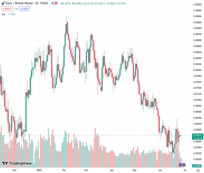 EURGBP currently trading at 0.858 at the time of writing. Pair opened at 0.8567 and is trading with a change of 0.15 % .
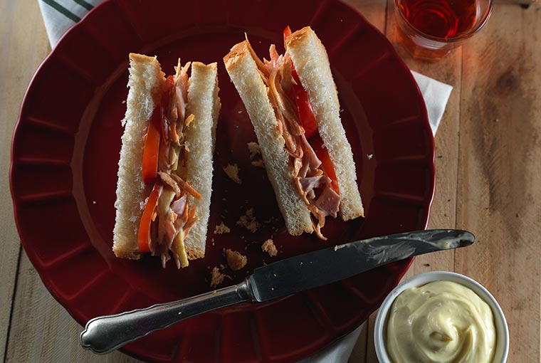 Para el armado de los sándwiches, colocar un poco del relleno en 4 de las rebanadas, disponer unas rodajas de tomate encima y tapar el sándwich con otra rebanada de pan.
==
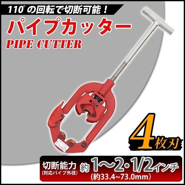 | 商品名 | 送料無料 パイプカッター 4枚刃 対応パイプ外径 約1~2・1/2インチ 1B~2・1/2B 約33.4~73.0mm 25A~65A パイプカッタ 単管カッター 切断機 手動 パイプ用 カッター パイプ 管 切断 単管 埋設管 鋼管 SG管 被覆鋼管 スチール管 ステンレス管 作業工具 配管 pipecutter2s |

● TASK REQUIREMENTS
Reproduce the records above exactly, but only from the line with "EURGBP currently trading" up to and including the line with "Para el armado". Leave the pictures out.

● WRITTEN REPLY
 EURGBP currently trading at 0.858 at the time of writing. Pair opened at 0.8567 and is trading with a change of 0.15 % .
 Para el armado de los sándwiches, colocar un poco del relleno en 4 de las rebanadas, disponer unas rodajas de tomate encima y tapar el sándwich con otra rebanada de pan.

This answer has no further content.